MD – Maryland. Home of Johns Hopkins Hospital and the Walter Reed National Military Medical Center, plus other facilities with doctors.

ME – Maine. Rugged individuals, who wear clothing from L.L. Bean of Freeport, founded 100 years ago by Leon Leonwood Bean. It was part of Massachusetts until it became a state as a result of the Missouri Compromise of 1820, when it was admitted as a free state, as Missouri joined as a slave state.

MI – Michigan. A state which suffered greatly during the recent recession (oh, mi), but which appears to be coming back strong, with improved auto sales leading the way (oh, mi!)

MN – Minnesota. M and N are adjacent letters, nearly twins in the cursive. Likewise, the Twin Cities of Minneapolis and St. Paul are related, yet quite separate cities.

MO – Missouri. The big mo, or momentum towards the Pacific Ocean, Missouri was the starting point of the Pony Express and is considered the Gateway to the west; thus the arch. It’s also the home of the defending World Series champions, the St. Louis Cardinals, who, after their 130th game of the 2011 season on August 24, were 10 1/2 games behind the Wild Card leading Atlanta Braves, with only 32 games remaining. They went 23-9 to finish 90-72, a game ahead of Atlanta’s 89-73, the largest comeback in history after 130 games.

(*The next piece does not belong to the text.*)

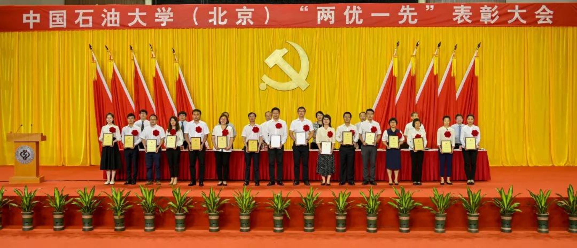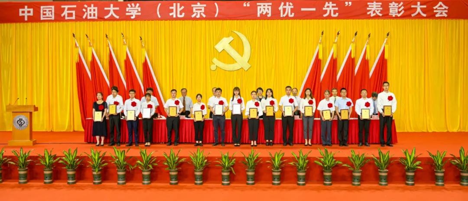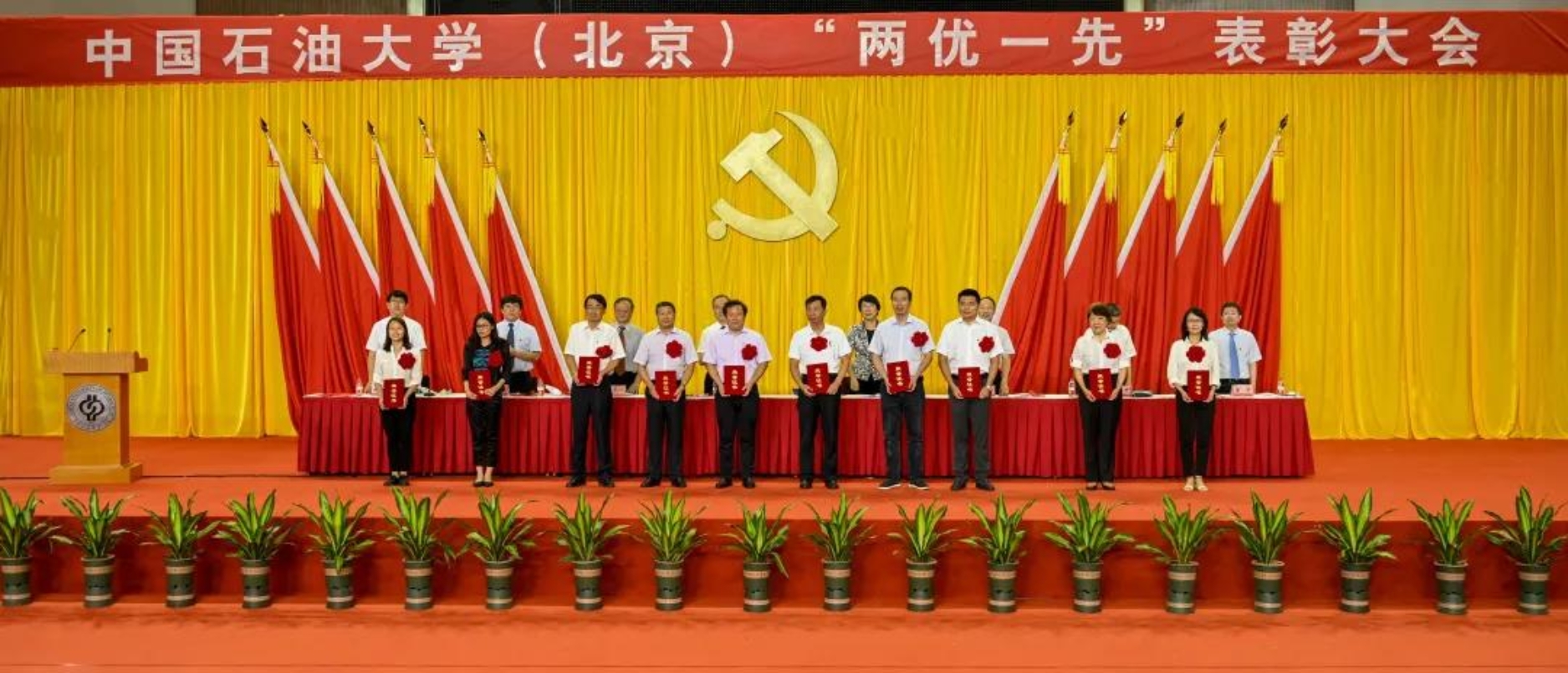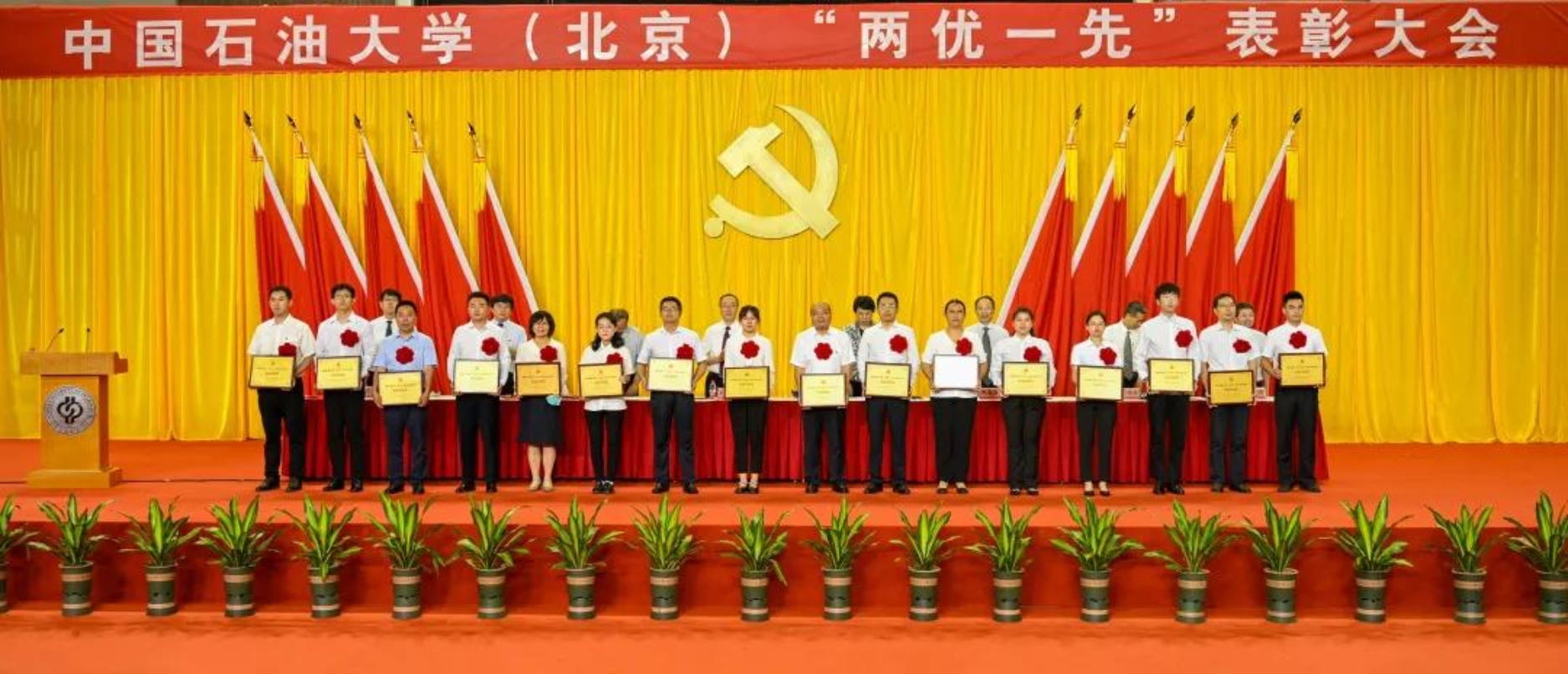 初心如磐,使命在肩。6月29日下午,中国石油大学在体育馆召开“两优一先”表彰大会,热烈庆祝中国共产党成立100周年,隆重表彰先进集体和个人。校领导陈峰、吴小林、雷玉江、鲍志东、韩克飞、付恒升、韩尚峰、金衍,校长助理刘植昌,“光荣在党50年”老党员代表,全体先进党组织书记、优秀共产党员和优秀党务工作者,其他受表彰单位和个人代表,全体处级干部、预备党员代表、师生党员代表等近460余人参加表彰大会。副校长陈大恩和克拉玛依校区师生党员代表通过视频连线方式参加了表彰大会。会议由校长、党委副书记吴小林主持。

MS – Mississippi. Ole Miss went feminist to become a Ms. Also, ms is the abbreviation for manuscripts, and there is a strong tradition of Mississippi writers, including John Grisham, William Faulkner, Richard Wright, Tennessee Williams, Eudora Welty, and many more.

MT – Montana. Of course, mt is the abbreviation for a mountain, and the Big Sky State is in the Rocky Mountains.

OBVIOUSLY, the Post Office was thinking about these things when they assigned the two-letter state designations almost a half-century ago.